Can you complete the function?

Write the code out with pencil and paper. Then, answer the following questions about your code. Or answer the questions first; they may guide you to a better solution.

Q8. Say the cache contains valid data. Which function should be called first, `memcpy` or `read`?

Q9. Write an if statement in the loop that tests whether the cache is valid. You’ll fill in the “then” (cache-is-valid) and “else” (cache-is-invalid/empty) branches later.

Q10. Write a C expression for a pointer to the next character into which data should be copied.
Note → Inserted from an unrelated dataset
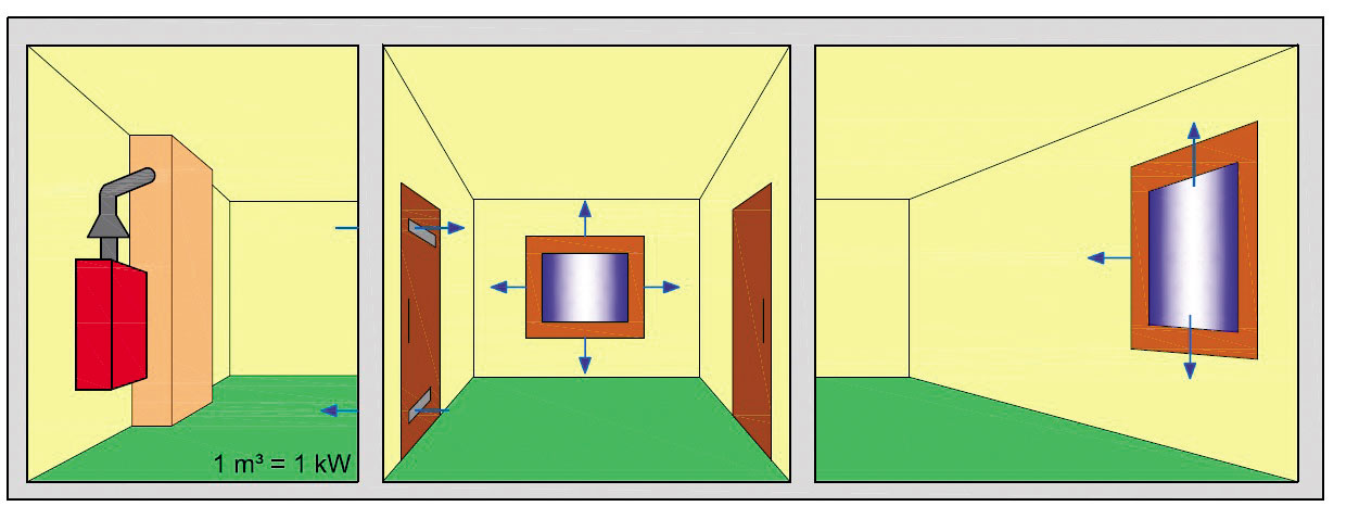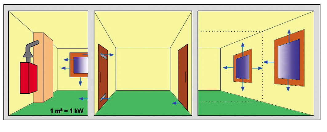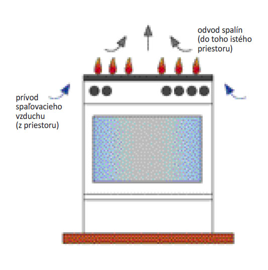 2. umiestnením spotrebiča do miestnosti so samostatným trvalým prívodom vzduchu z vonkajšieho priestoru otvorom alebo otvormi s voľným prierezom minimálne 0,001 m2 na 1 kW príkonu, najmenej však 0,02 m2; otvory je vhodné zriadiť čo najnižšie nad podlahou v miestnosti,

Q11. Write a C expression for a pointer to the next cached character from which data should be copied (assuming the cache is valid).

Q12. Inside the while loop, how many characters can be copied out of the cache?

Q13. Complete the code for the if branch when the cache is valid.

Q14. Describe what should happen if the cache is invalid/empty.

Q15. The `read` system call can return -1, 0, or a positive number. What do these three cases represent, and how should `io61_read` respond?

Q16. Complete the code for the else branch (cache invalid/empty). This will complete your `io61_read` for sequential I/O.

## Part 3. Seeks

To make this code correct for seeks, we need at least one more member in `struct io61_file`—the tag, which represents the file offset of the first character in the cache.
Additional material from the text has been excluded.